Find the line containing "Maceta de esmalte" in the entries below. Restate it and each line after it, word for word, up to and including the line containing "Popl offers lead".

## RECORDS SUPPLIED

/---

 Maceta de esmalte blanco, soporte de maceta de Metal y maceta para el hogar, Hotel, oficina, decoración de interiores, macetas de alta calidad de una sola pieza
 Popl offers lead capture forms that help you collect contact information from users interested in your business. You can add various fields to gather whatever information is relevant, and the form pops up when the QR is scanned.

\---
/---

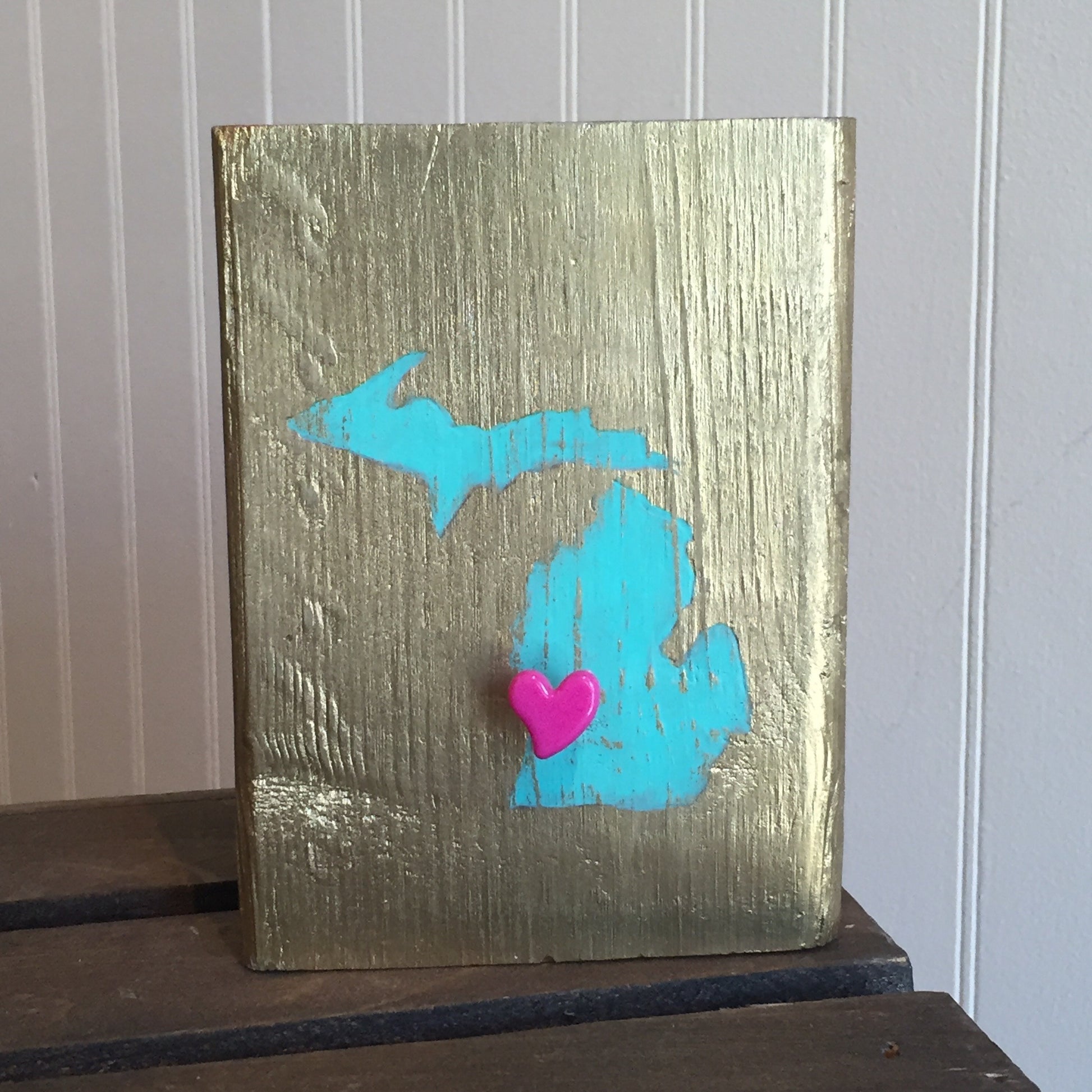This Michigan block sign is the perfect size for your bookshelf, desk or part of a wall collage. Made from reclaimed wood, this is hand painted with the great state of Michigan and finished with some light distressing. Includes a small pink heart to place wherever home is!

\---

## SOLUTION
 Maceta de esmalte blanco, soporte de maceta de Metal y maceta para el hogar, Hotel, oficina, decoración de interiores, macetas de alta calidad de una sola pieza
 Popl offers lead capture forms that help you collect contact information from users interested in your business. You can add various fields to gather whatever information is relevant, and the form pops up when the QR is scanned.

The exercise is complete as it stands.